И опять был обед с водкой.

Ковалева находили и здесь. Видно, его и не ждали в конторе. Бухгалтер принес на подпись бумаги, приходил ответственный за ночное дежурство в заповеднике, пришел капитан катера, выделенного колхозникам для поездки в город.

— Мы готовы, — сказал капитан. — С вашего разрешения будем отходить.

— Будешь идти мимо Клавдии, — сказал ему Ковалев, — предложи, может, она поедет.

— Так она знает, Дмитрий Николаевич.

— Ничего, ты зайди еще раз, скажи, от моего имени. Я сегодня погорячился, отругал ее, а за дело ли, сам точно не знаю.

И Слатин догадался, что Клавдия — это секретарша Ковалева.

А Слатину Ковалев сказал:

— Все-таки настоящий разговор у нас получится только после того, как ты по-настоящему ознакомишься с нашими отчетами. Возьми обзорные отчеты, начиная с года тридцать пятого. Почитай, а я отдохну.

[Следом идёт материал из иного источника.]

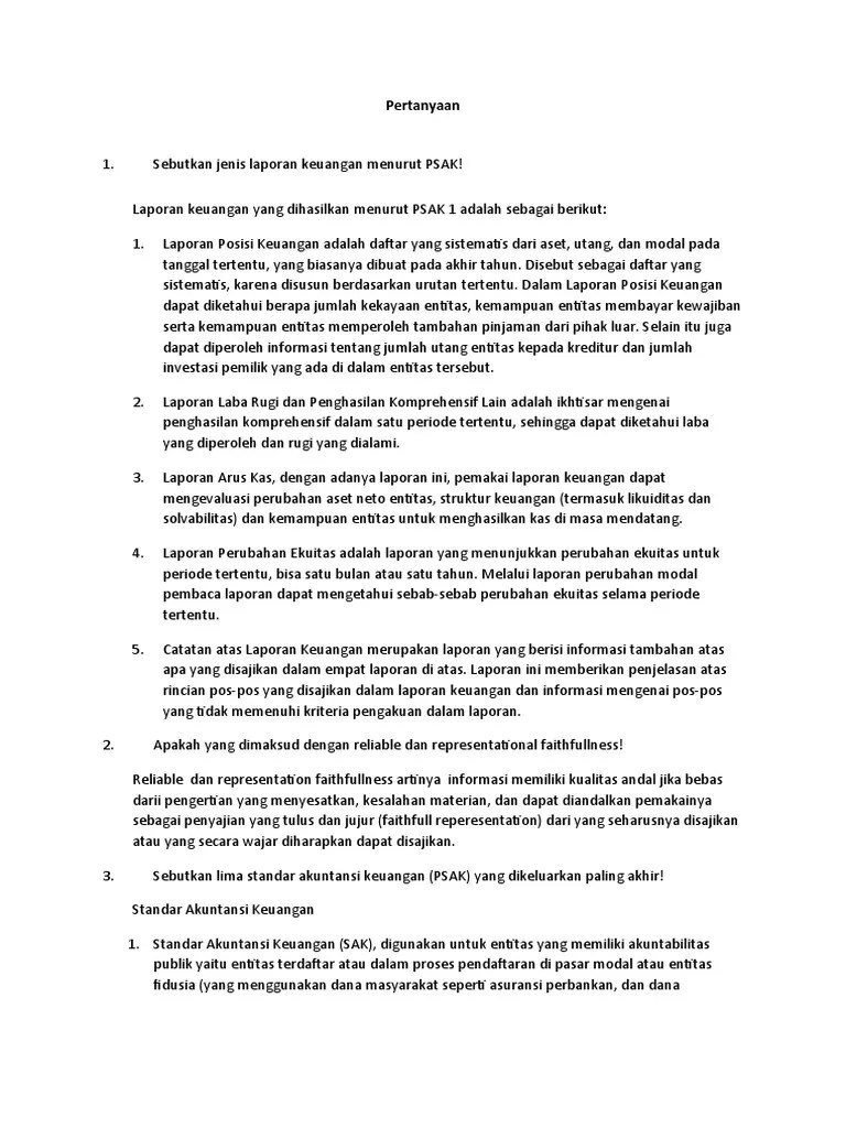 Dapat dibandingkan, informasi yang termuat dalam laporan keuangan akan lebih berguna jika dapat dibandingkan dengan laporan keuangan periode sebelumnya atau laporan keuangan entitas pelaporan lain pada umumnya. Sak emkm adalah kepanjangan dari standar akuntansi keuangan entitas mikro kecil menengah makro yang dirancang secara khusus sebagai patokan standar akuntasi keuangan pada umkm. Psak 100 berisi kerangka dasar penyusunan dan penyajian laporan keuangan syariah (kdpplks) sedangkan psak 101 berisi penyajian laporan keuangan syariah. Ed psak 101 tentang penyajian laporan keuangan syariah ini memiliki motivasi untuk mengatur tujuan umum laporan keuangan untuk entitas syariah seperti yang termuat pada paragraf 1. Mulai dari pengertian laporan keuangan, tujuan, pihak yang berkepentingan, jenis, analisis, contoh, hingga cara download laporan keuangan di idx.

…Иногда Слатину приходило в голову, что Вовочка очень смелый человек. Не печатал он не только Гершковича, но и руководителя областного отделения писательского союза, человека со звучной двойной фамилией Волович-Соколенко. У Воловича была та мужественная форма черепа, при которой и облысевшая голова кажется обритой. Больной, с подрагивающей челюстью, часто ложащийся в больницу, он поражал Слатина своими манерами. Сидя на стуле, покуривая, он посмеивался и пошучивал, а выйдя на трибуну, сразу же начинал с самых верхних нот ненависти, разоблачения и осуждения. Ни одного слова в обычной, нормальной интонации. Как будто полутонов он и не знает. Осуждал он и московских уже разоблаченных писателей, и своих местных.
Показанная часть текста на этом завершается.